-- Opening Marker --
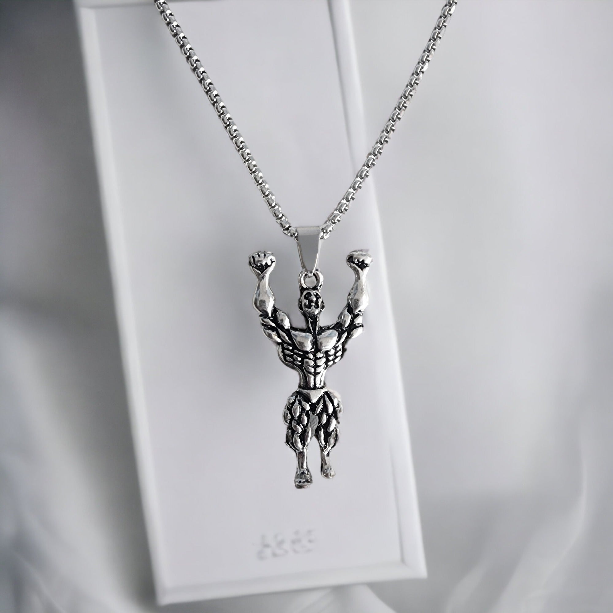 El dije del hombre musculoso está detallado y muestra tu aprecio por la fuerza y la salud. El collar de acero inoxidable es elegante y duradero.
-- Closing Marker --
-- Opening Marker --
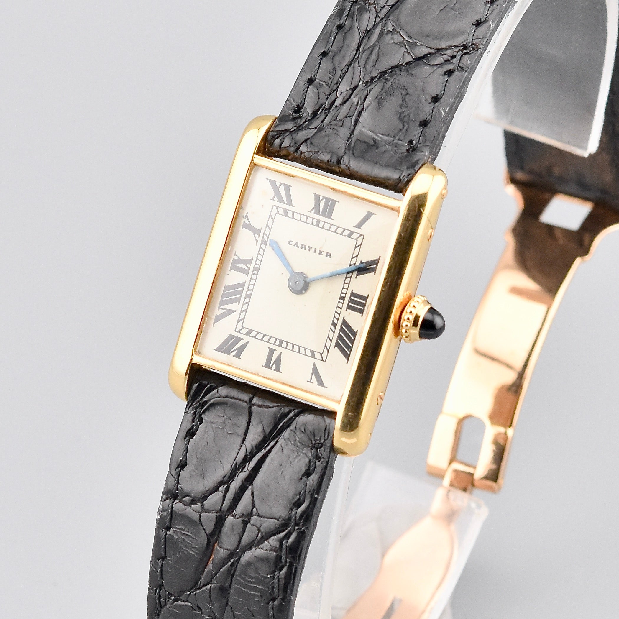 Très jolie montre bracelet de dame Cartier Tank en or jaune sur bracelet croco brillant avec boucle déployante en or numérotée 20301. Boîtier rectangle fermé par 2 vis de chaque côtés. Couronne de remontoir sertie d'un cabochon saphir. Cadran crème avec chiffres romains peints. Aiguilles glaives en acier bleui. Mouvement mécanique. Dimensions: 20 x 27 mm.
-- Closing Marker --
-- Opening Marker --
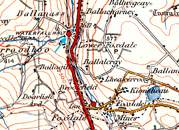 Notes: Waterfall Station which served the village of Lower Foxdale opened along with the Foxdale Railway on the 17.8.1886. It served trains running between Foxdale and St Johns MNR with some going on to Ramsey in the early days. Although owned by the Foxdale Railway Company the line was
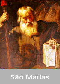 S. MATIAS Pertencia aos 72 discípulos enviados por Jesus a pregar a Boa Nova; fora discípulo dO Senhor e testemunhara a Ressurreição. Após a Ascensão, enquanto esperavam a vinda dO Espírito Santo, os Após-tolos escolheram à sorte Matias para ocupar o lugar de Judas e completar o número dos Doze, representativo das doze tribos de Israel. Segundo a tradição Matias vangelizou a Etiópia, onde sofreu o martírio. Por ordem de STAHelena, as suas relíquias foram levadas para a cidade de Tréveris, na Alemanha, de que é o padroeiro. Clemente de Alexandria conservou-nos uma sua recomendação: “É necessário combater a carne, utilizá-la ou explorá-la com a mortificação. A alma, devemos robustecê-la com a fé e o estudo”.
-- Closing Marker --
● **Exercise**: After locating the line containing "Notes: Waterfall Station" in the entries above, return it and every line after it exactly, ending at the line containing "S. MATIAS Pertencia", without pictures.

● **Answer below**:
 Notes: Waterfall Station which served the village of Lower Foxdale opened along with the Foxdale Railway on the 17.8.1886. It served trains running between Foxdale and St Johns MNR with some going on to Ramsey in the early days. Although owned by the Foxdale Railway Company the line was
 S. MATIAS Pertencia aos 72 discípulos enviados por Jesus a pregar a Boa Nova; fora discípulo dO Senhor e testemunhara a Ressurreição. Após a Ascensão, enquanto esperavam a vinda dO Espírito Santo, os Após-tolos escolheram à sorte Matias para ocupar o lugar de Judas e completar o número dos Doze, representativo das doze tribos de Israel. Segundo a tradição Matias vangelizou a Etiópia, onde sofreu o martírio. Por ordem de STAHelena, as suas relíquias foram levadas para a cidade de Tréveris, na Alemanha, de que é o padroeiro. Clemente de Alexandria conservou-nos uma sua recomendação: “É necessário combater a carne, utilizá-la ou explorá-la com a mortificação. A alma, devemos robustecê-la com a fé e o estudo”.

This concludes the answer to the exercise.